В понедельник проснулся до зари. Два-три часа утра. Полон сомнений, сон
бежит от глаз. Сел у окна, пытаясь принять какое-нибудь решение. Город
спит. Лишь кое-где огни. Невинное на вид зрелище. Вспомнил Западную ферму.
Доброе старое время! Вспомнил отца. Жизнь стала невыносимой из-за
недостатка денег. Мораль всей его жизни как будто говорит: Делай Деньги.
Адский огонь жжет не так сильно, как нужда. Бедность - корень всякого зла.
Кто такой вор? Бедняк. Кто такой пьяница? Тоже бедняк. Кто заставляет свою
дочь отдаваться первому встречному на Чардон-стрит? Бедняк. Кто оставляет
своего сына без отца? Бедняк.
Такие мысли несколько успокоили моральные угрызения, хотя решение шло
вразрез с глубочайшими инстинктами. Возможно, романтическими. Часто мечтал
о прелестной жене, к концу дня поджидающей в увитой розами беседке. Белый
домик. Попугаи-неразлучники среди цветущих деревьев. Пухленькая, как Нелли
Мелба. Все потеряно. Однако другого выхода не видел. На небе занялась
заря. Предрассветные сумерки. Звуки ранней телеги, поднимающейся по
Джой-стрит. Утром первым делом пошел к Уиттьеру. "Я согласен, сэр", -
говорю я. Объяснил мне свои планы. Сегодня вечером навестить девушку.
Через неделю-две жениться на ней. Когда наступит время родов, отвезти ее в
Нахант по указанному адресу. Ребенка оставить там. Детоубийство? После
рождения младенца тысяча долларов будет внесена на счет автора в банк
Нейшнл-Траст-Компани в Нью-Йорке.
После ужина надел парадный черный костюм и пошел по данному мне адресу
в Кеймбридже. Весенний вечер. Температура около пятнадцати градусов. Южный
ветер звенел, как литавры, среди еще голых деревьев. Много звезд. Мягкий
свет. Не похоже на зимние созвездия. Дом на окраине Кеймбриджа. Тощие,
голодные собаки лаяли, заслышав шаги автора. Никаких тротуаров. Через
грязь переброшены голые доски. Маленький дом среди деревьев.
Преисполненный горести, постучал в дверь. Открыл высокий мужчина. Седые
волосы. Бакенбарды. Впалые щеки. Может быть, больной? Позади бледнолицая
жена, держит в руках лампу. Фитиль лежит в желтом керосине. Покончив с
приветствиями, последовал за старой четой в гостиную, увидел будущую жену.

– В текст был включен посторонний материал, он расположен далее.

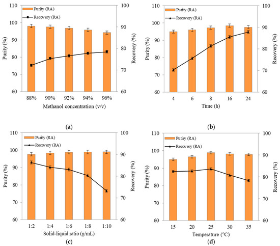 Effect of (a) MeOH concentration (16 h, 1:4 of the solid-liquid ratio, and 25 °C), (b) recrystallization time (90% of methanol concentration, 1:4 of the solid-liquid ratio, and 25 °C), (c) solid-liquid ratio (90% of methanol concentration, 16 h, and 25 °C), and (d) temperature (90% of methanol concentration, 16 h, and 1:4 of the solid-liquid ratio) on purity and recovery of RA.

Хорошенькое дитя. Волосы как вороново крыло. Лицо белоснежное. Тонкие
запястья. Почувствовал жалость, также симпатию. Старый вонючий козел
овладел ею в кустах после пикника воскресной школы. Хозяин не пользовался
популярностью даже среди красоток Чардон-стрит. Дети в лесу: она и я.

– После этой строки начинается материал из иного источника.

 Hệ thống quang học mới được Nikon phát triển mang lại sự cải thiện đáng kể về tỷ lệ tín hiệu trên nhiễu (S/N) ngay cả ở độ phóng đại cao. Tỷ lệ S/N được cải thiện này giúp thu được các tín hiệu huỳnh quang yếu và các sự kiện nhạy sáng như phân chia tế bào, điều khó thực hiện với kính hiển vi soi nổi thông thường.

"Отец читал нам Библию", - говорит мать. "Евангелие от Луки", - говорит
старик. "Глава седьмая, стих тридцать первый". Читает Библию целый час.

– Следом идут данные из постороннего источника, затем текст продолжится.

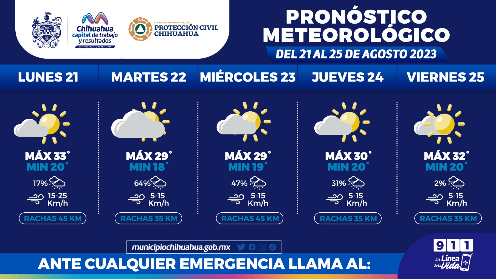 Chihuahua, Chih.- La Coordinación de Protección Civil Municipal informa que para esta semana se pronostican temperaturas máximas de 32°C con mínimas de 18°C, así como lluvias para toda la semana, esto tras el paso del Huracán Hilary, el cual tendrá un ligero impacto de remanentes en nuestro territorio.

Кончил молитвами. Все на коленях. Потом попрощался. "До свидания, мистер
Уопшот" - были единственные слова, сказанные будущей супругой. Шел домой,
недоумевая. Не глупа ли она? Умеет ли она готовить?
В следующее воскресенье повел Клариссу в церковь. Вместе с ее
родителями. По дороге сделал предложение. "Я охотно выйду за вас, мистер
Уопшот", - сказала она. Испытал некоторое счастье. Картина была не
безнадежной. Думал о том, что ждет нас в будущем, после рождения ребенка.
Надвигается непогода, но почему не наступить затем миру и покою? Церковь
оказалась молитвенным домом ортодоксальных баптистов. Солнечный день.
Заснул во время проповеди. Поздно вечером сказал матери о своих планах.
Покойная матушка не выразила никакого удивления. Так никогда и не
рассказал ей всей подноготной. Лаконичность, подобно слепоте, видимо,
развивает другие способности. Силу предвидения. В следующее воскресенье
сочетался браком в церкви Вознесения. Отец Мастерсон совершил обряд
венчания. Славный старикан. Единственной свидетельницей была мать. Да
благословит господь дорогую старушку. Из церкви, отправились на Северный
вокзал. Поехали во Франконию.
Скучное путешествие в местном поезде. Останавливались у каждого заднего
двора. Так по крайней мере казалось. Задние фасады всех сараев,
попадавшихся на пути, были разукрашены объявлениями. Эликсиры. Печеночные
пилюли. Старые цирковые афиши. Сушеная треска. Чай. Кофе. На задней стене
сарая в Сент-Ботолфсе намалевано: "БОСТОНСКИЙ МАГАЗИН. ЦЕНЫ БЕЗ ЗАПРОСА".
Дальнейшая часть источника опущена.